I’m pretty sure “girly men” comes from Saturday Night Live in which Hanz and Franz used Arnold Schwartznegger-ish voices and the other catch phrase of “pump you up”.
Speaking of blogs….I was watching an episode of “Sister Wives” last night. I won’t comment about what I think of the abomination of marriage that is displayed there. BUT…here’s my point…
Fundamentalist Mormon Poligamist Cody Brown was admonishing his children against reading blogs. They’re dangerous! They are based on opinion and should be avoided at all costs!
The older teenage children had read blogs and they were guilty…saying that they quickly stopped!
Funny and kinda ironic that SGM teaches the same dangers of blogs as Fundamentalist Mormon Poligamists….
It just struck me as funny….
Sid
@ Pia (re: 186)– Thank you for that summary of TAG/GOB/PDI/SGM history! I find it very helpful.
Bravo, Luna Moth:
“I care about how he has countenanced cruelty and abuse under his watch. I care about how he has smilingly allowed hero-worship of himself and his family to warp so many people and their concept of a Christian life. I care about how he has poo-poohed psychotherapy, putting people at the mercy of ham-handed doofuses who think they know how to counsel.”
This is exactly why he should receive no deference or extra-miles until he breaks down, asks forgiveness for specific offenses, fires wrongdoers (including himself?) and proves he’s changed the system itself.
@Acme–or anyone who knows–was “girlie men” a catchphrase of Schwartzenegger’s before he became governor of California? (If so, I guess he was making a joke at himself when he scolded the legislature!)
@Pia–Yes, thank you for the summary, told by one who saw it all!
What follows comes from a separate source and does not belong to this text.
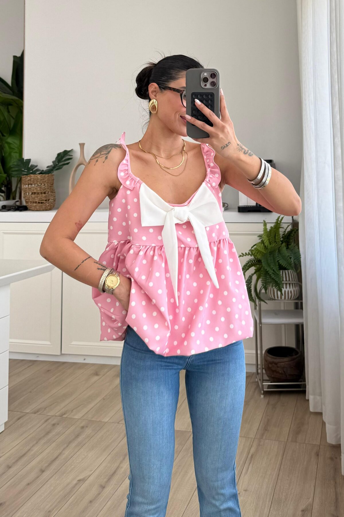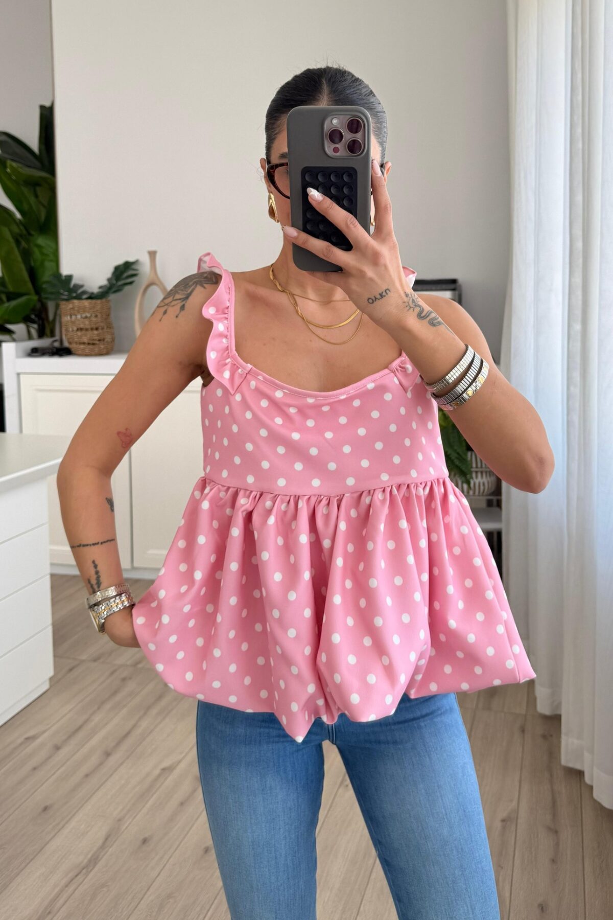 Fiyonk Detaylı Puantiyeli Balon Bluz Pembe

You are welcome, Fashionably Late and Luna Moth! I just finished a long conversation with someone who saw way, way more than I ever did–someone very, very closely connected to someone way, way on top of the PDI ladder and got to see things “behind closed doors” none of us will ever got to see or know…if you know what I mean. That he/she struggles with sooo many things still, carries so much pain deep inside, and is so hindered from seeing God for the good, gracious, merciful, awesome, wonderful God He really is and still has the horrid PDI version so firmly implanted in his/her brain (talk about “elements of thought reform”…this individual was so thoroughly brain-washed into thinking he/she was sooo bad just because he/she couldn’t conform)…well it’s just so… so :bang Grrr!!! Makes me just want to keep :mic and give voice to this person’s pain till someone over there actually pays attention and finally listens!!! But something tells me it would just be an exercise in futility. Sigh.